** Opening AVAILABLE DATA block **
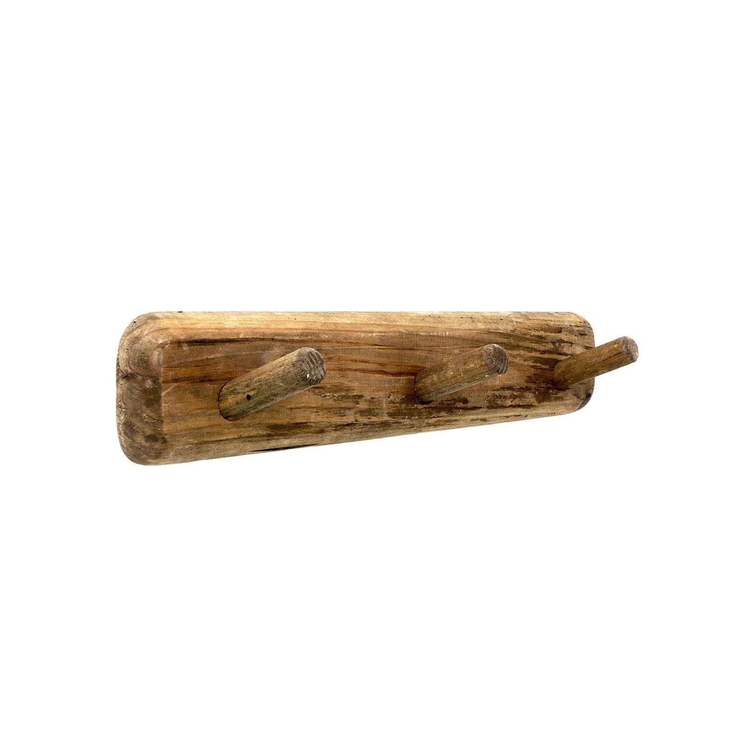 This coat rack is manufactured using 100% recycled, vintage pine. Using modern production techniques, the wood retains its vintage look whilst being transformed into new, useable items. This range of items has a wind-worn, rugged appearance which can only be achieved through years of aging; the life experience of the pine is clearly told in the grain of the wood. The coat rack has three coat hooks arranged horizontally. The slim and practical design is space saving and matches classical and modern interior style. (The wood is preserved and protected through a high temperature drying and pressing process. There are no insects in the wood after processing.)    •	Size: L53cm, W10cm, H12cm
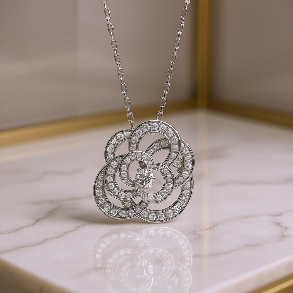 T0028 Diamond Necklace Silver Round Brilliant Cut Natural GIA Certified Women's Everyday Wear Fashion Jewelry
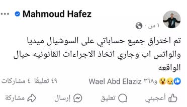وكان حافظ أوضح في منشور على فيسبوك أمس السبت اختراق حسابه الخاص على موقع التواصل الاجتماعي وكذا واتساب، وسرقة بعض الفيديوهات الخاصة به.
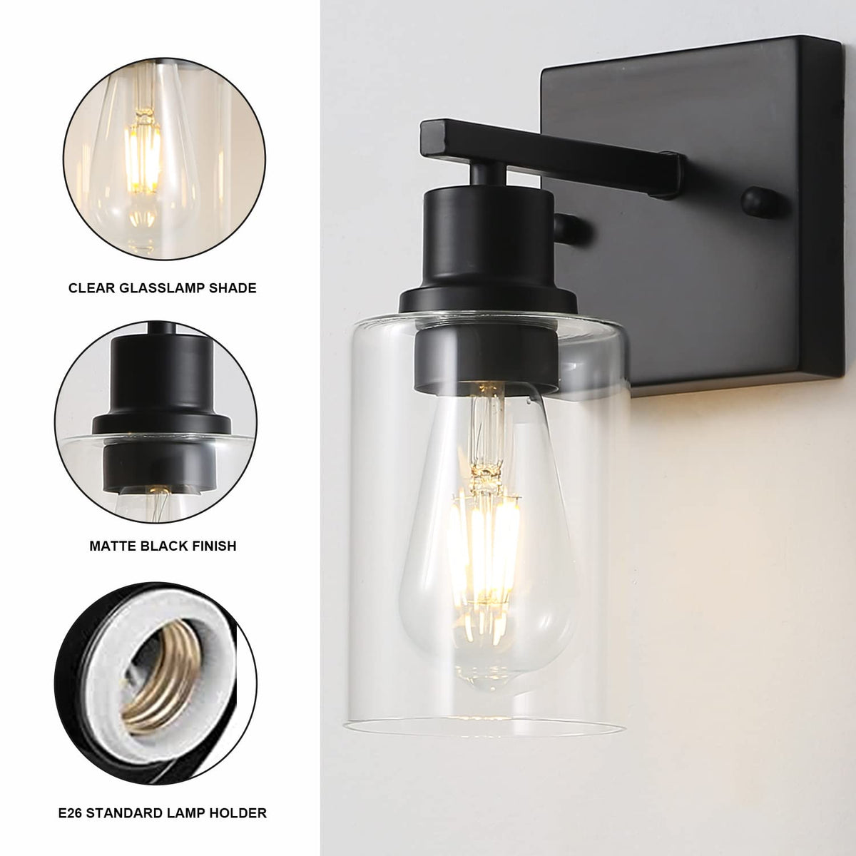Filimitiy Bathroom Vanity Light Fixtures, 1-Light Matte Black Bathroom Lights, Wall Sconces With Clear Glass Shade For Hallway F
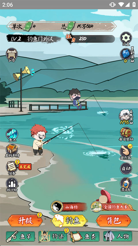 丰富的角色、鱼竿与收集图鉴:你可以解锁并培养多位钓鱼佬(如“红毛哥”),每位都自带独特的初始钓法。同时,鱼竿、钓法、鱼类(包括普通鱼和山海经风格的变异怪)均拥有独立的升级线和收集图鉴,满足玩家的收集与养成欲望,驱动长期游玩。
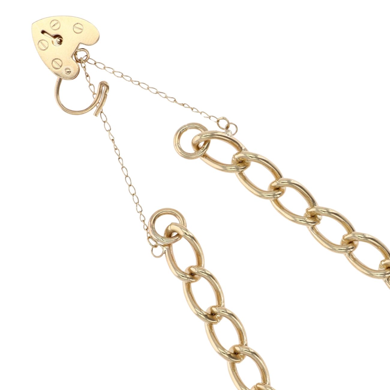 9ct Yellow Gold Heart Lock Charm Bracelet 7"
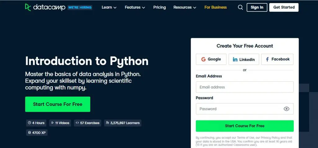 Data camp is the most popular online learning platform for computer engineers and IT professionals. They are especially known for their computer language courses. The introduction to python is a course for beginners who are just getting familiar with the programming language. The curriculum helps you to master all the basic skillsets of data analysis in Python. The course also teaches scientific computing with NumPy. The course starts out with the foundation concepts of the language and then progressing to lists, tuples, functions, methods along with other sub-sections. You will also be working with larger datasets that replicate real-life scenarios. The course features interactive lessons taught by experienced faculty which makes it easy and fun to learn. Also, the first module of the class can be accessed for free to make sure that the course is for you. In total, the course contains 11 videos and 57 exercises for you to complete.
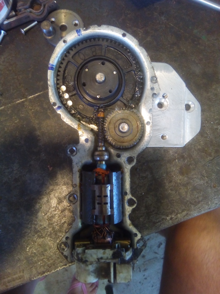 сам моторчик взял от стеклоподъемника ,редуктор двухступенчатый,червяк плюс еще цилиндрическая шестерня.,корпус металлический,в общем взрослый мотор с понтиака....
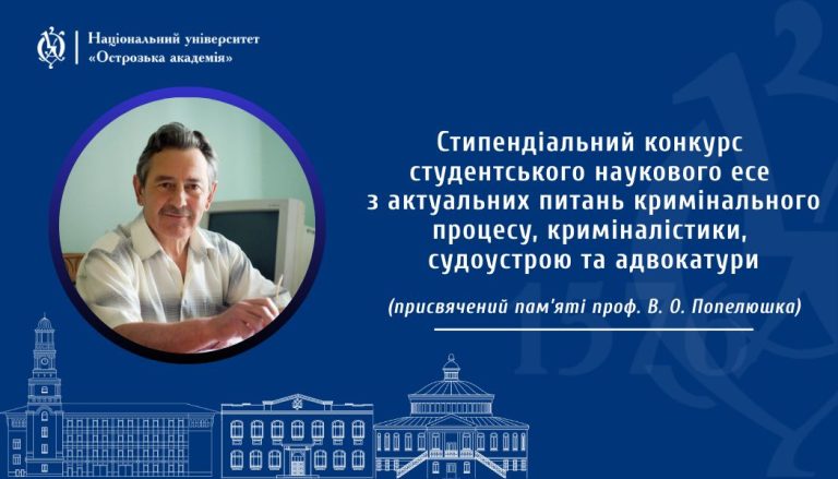 Кафедра кримінально-правових дисциплін імені Василя Попелюшка Національного університету «Острозька академія» запрошує до студентського конкурсу наукового есе з актуальних питань кримінального процесу, криміналістики, судоустрою та адвокатури…
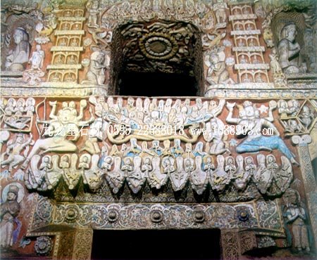 石窟位于山西省大同市西北的武州山北崖上,是我國三大石窟之一,距今已有1500多年的歷史。整個石窟依山開鑿,東西綿延1公里,現(xiàn)存主要洞窟53個,大小造像51000多個。石窟雕刻的題材內(nèi)容,基本上是佛像和佛教故事。石窟中最大的佛像是第五窟三世佛的中央坐像,高達(dá)17米。佛像形態(tài)端莊,是中原文化傳統(tǒng)的表現(xiàn)手法,但其臉部形象:額寬、鼻高、眼大而唇薄,卻具有外域佛教文化的某些特征。
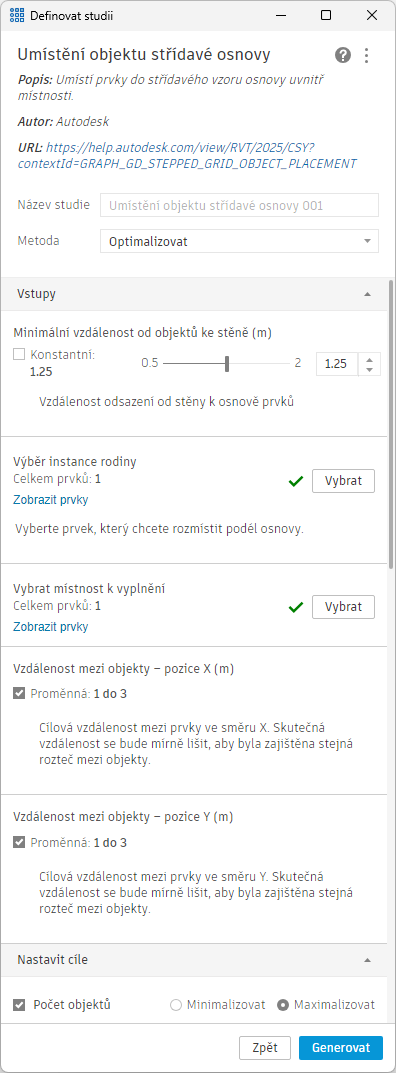 Pomocí možnosti Vytvořit studii vyberte typ studie a definujte cíle a kritéria studie. Potom kliknutím na tlačítko spustíte studii a vygenerujete alternativy návrhu. Během procesu generování můžete pokračovat v práci na modelu.
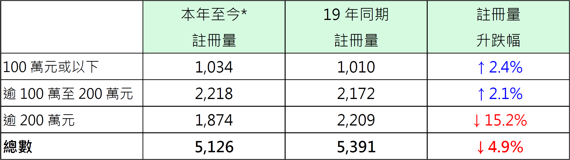 若按金额划分本年至今纯车位注册量表现,其中价值100万元或以下纯车位录1,034宗注册,较去年同期的1,010宗增加约2.4%;价值100万以上至200万元纯车位录2,218宗注册,较去年同期的2,172宗增加约2.1%;价值200万元以上纯车位录1,874宗注册,较去年同期的2,209宗减少约15.2% (见表)。
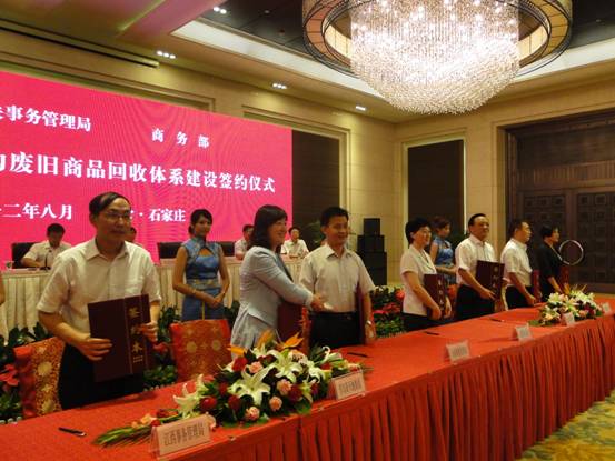 ?????? ?2012年8月16日,國家商務部、國管局在石家莊組織8家試點省市的回收企業和機關服務管理部門簽約,合作建設公共機構廢舊商品回收體系,國管局公共機構節能管理司司長何長江和商務部流通發展司副司長王旭斌參加了此次簽約儀式。武漢格林美資源循環有限公司總經理王健代表公司參加了簽約儀式,并代表回收企業發言。
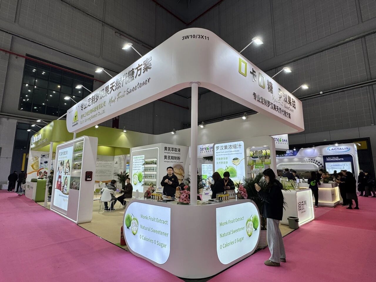 三月中旬,黄浦江畔涌起一股来自八桂的“甜蜜风暴”。永福县名特优农产品协会会员单位——桂林三棱生物科技有限公司,携永福“东方神果”亮相第二十九届中国国际食品添加剂和配料展览会。在好品汇集的上海·国家会展中心,永福罗汉果以其甜度超蔗糖300倍的天然纯粹特质,向世界彰显了“果甜世无双”的品质底气。
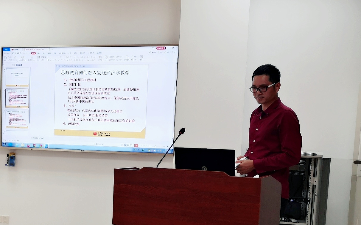 经学院各教研组推荐,本次比赛共有7名教师参赛。院党总支书记邹志波带头示范、亲自参赛,并分享了自己对课程思政的感悟。参赛教师从“说一门课”和“说一次课”两部分进行展示,各位参赛教师根据自己所授课程的内容和特点,深入挖掘课程中蕴含的思政元素,从教学目标、教学设计、教学手段和教学内容等方面将“知识传授”、“能力培养”和“价值引领”有机统一起来,展现了扎实的教学理论功底和良好的教学风貌。
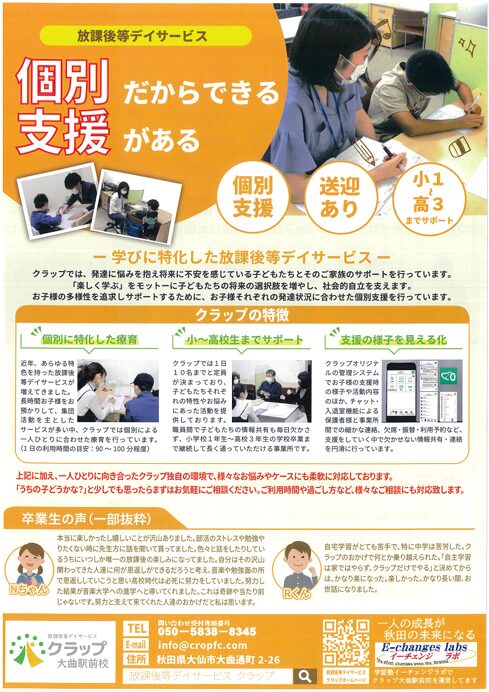 千葉県をはじめ、全国各地で子どもたち一人ひとりの個性を育む「個別支援」を行う放課後等デイサービスクラップが、4月より大曲駅前にオープンします!
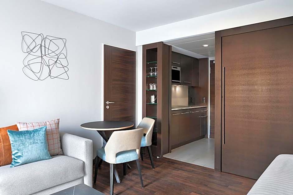 Contemporary-style studio featuring a fully equipped kitchen with a dishwasher. A living area with a sofa, a dining area and a work desk are also included.
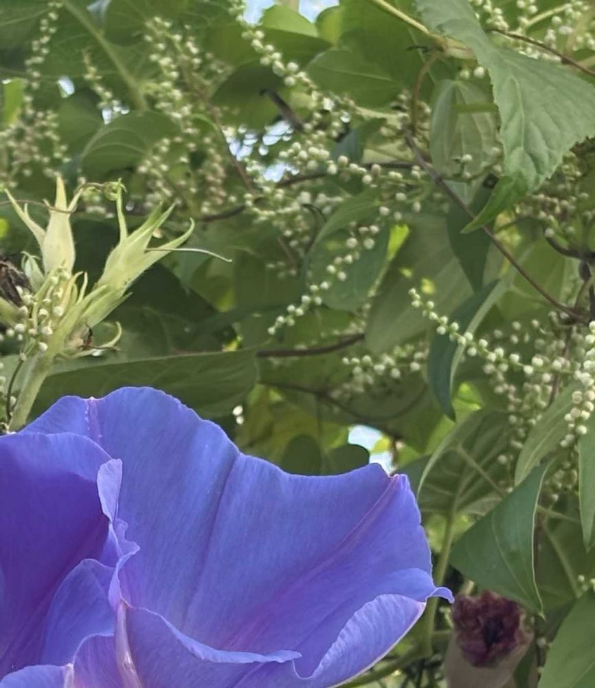 山芋のつると絡み合って、、南天や黄梅に身を任せています。モジャモジャ😓。
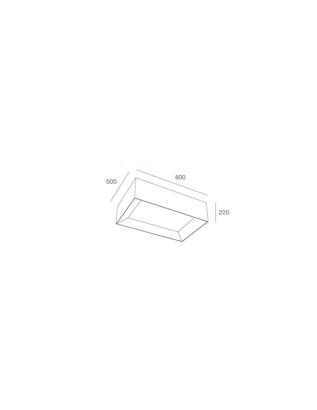Volum is distinguished by its rectangular lampshade, made of opaque cotton fabric, which ensures an even distribution of light, resulting in a cosy and well-lit atmosphere. With dimensions of 22 cm in height, 50 cm in length, and 80 cm in width, it is suitable for a wide range of settings, including living rooms, dining rooms, hallways, and bedrooms.
** Closing AVAILABLE DATA block **
*BRIEF:* In the listing above, find the line containing "9ct Yellow Gold" and the line containing "Кафедра кримінально-правових дисциплін", then return both of them and every line between, exactly, without pictures.

*EXERCISE SOLUTION:*
 9ct Yellow Gold Heart Lock Charm Bracelet 7"
 Data camp is the most popular online learning platform for computer engineers and IT professionals. They are especially known for their computer language courses. The introduction to python is a course for beginners who are just getting familiar with the programming language. The curriculum helps you to master all the basic skillsets of data analysis in Python. The course also teaches scientific computing with NumPy. The course starts out with the foundation concepts of the language and then progressing to lists, tuples, functions, methods along with other sub-sections. You will also be working with larger datasets that replicate real-life scenarios. The course features interactive lessons taught by experienced faculty which makes it easy and fun to learn. Also, the first module of the class can be accessed for free to make sure that the course is for you. In total, the course contains 11 videos and 57 exercises for you to complete.
 сам моторчик взял от стеклоподъемника ,редуктор двухступенчатый,червяк плюс еще цилиндрическая шестерня.,корпус металлический,в общем взрослый мотор с понтиака....
 Кафедра кримінально-правових дисциплін імені Василя Попелюшка Національного університету «Острозька академія» запрошує до студентського конкурсу наукового есе з актуальних питань кримінального процесу, криміналістики, судоустрою та адвокатури…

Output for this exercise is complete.